Scouts show up in press boxes every night around the NHL, and while guessing why they're there is a time-honored tradition, it's hardly news.
Unless, of course, those scouts are from Team Canada. And they show up in the Center of the Hockey Universe.
With both Steve Yzerman and Peter Chiarelli set to be at the Air Canada Centre for tonight's Toronto vs. Anaheim tilt, it's fair to speculate on who they came to see.
Getzlaf might be in tough because of Canada's embarrassment of riches at center, but he
has 18 goals in 58 points in his last 52 games and brings an imposing presence to the position. Perry is a natural winger and a pure sniper, a quality Yzerman has said he'll prioritize after Canada's offense failed to click in Torino.
The two obviously have great chemistry, something that might enhance their value as a two-fer given the lack of practice time before the Winter Games. Slide someone like Taylor Hall on their left flank and you'd have a quick, dangerous, physically imposing third line that would cause the opposition fits.
But honestly, there's not a lot to see there. Both players have an established body of work, and are already on the short list. The heavy scouting on them will probably come in the final few weeks before the roster deadline of Dec. 31, just to get a fix on their current play.
Bernier, who gets the start tonight against the Ducks, wasn't on Canada's radar to start the season, but he's played his way into consideration. And, from his perspective anyway, the scouts couldn't have picked a better night to see him. He's coming off a solid performance against the Blackhawks on Saturday night and was 2-1-1 with 2.28 GAA in four career starts against Ducks while with the Kings.
His .938 save percentage ranks third among Canadian stoppers, and his 2.14 GAA stands fifth.
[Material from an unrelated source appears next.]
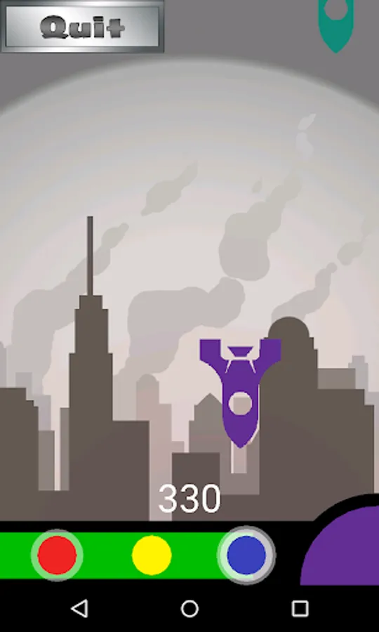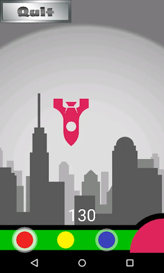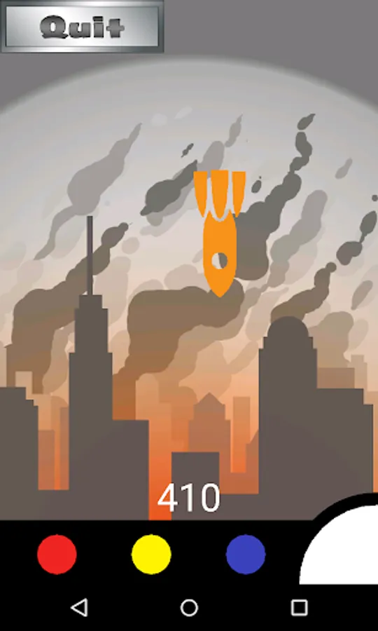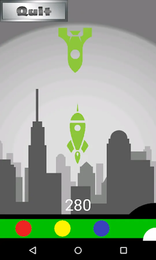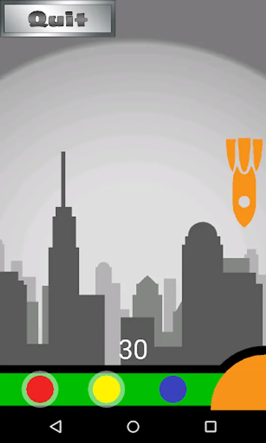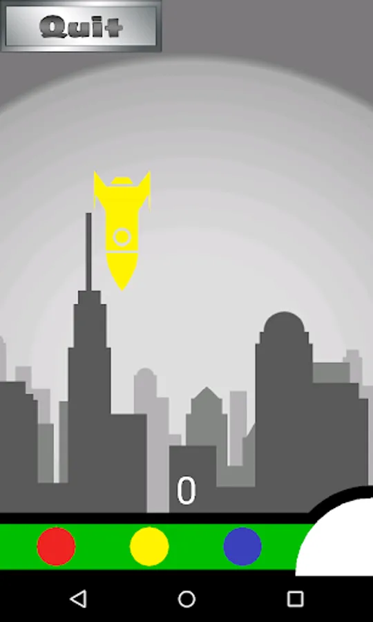 Your city is under attack! Enemy missiles will rain down onscreen, and you must build counter missiles and tap on the screen to fire upwards and destroy the incoming missile in midair. Incoming missiles will spawn in a variety of colors and the missile you build must be the correct combination of colors in order to be effective. To build a missile you combine primary colors from your color palette until you’ve created the correct color that will destroy the incoming missile (e.g. red + blue = purple). This color is determined by which game mode you select:

It's almost inconceivable that he would see action in Sochi, but he'd be an intriguing option for the third spot.
Lupul ranks fifth among Canadian forwards with 10 points through nine games and, like Perry, is a gifted sniper. He's not the quickest skater, and he tends to disappear for stretches, but when he's on his game he's as dangerous as they come, with a quick release and an eye for any opportunity to shoot.
Most of the forwards Canada takes will be centers, and most of them will be playing out of position. As a natural winger, Lupul might have some advantages that are, if nothing else, worth exploring. Neither player was invited to Canada's summer camp, but team management made it clear that the real evaluation period would be the NHL's regular season. Based on how well they've played so far, both Bernier and Lupul deserve a closer look.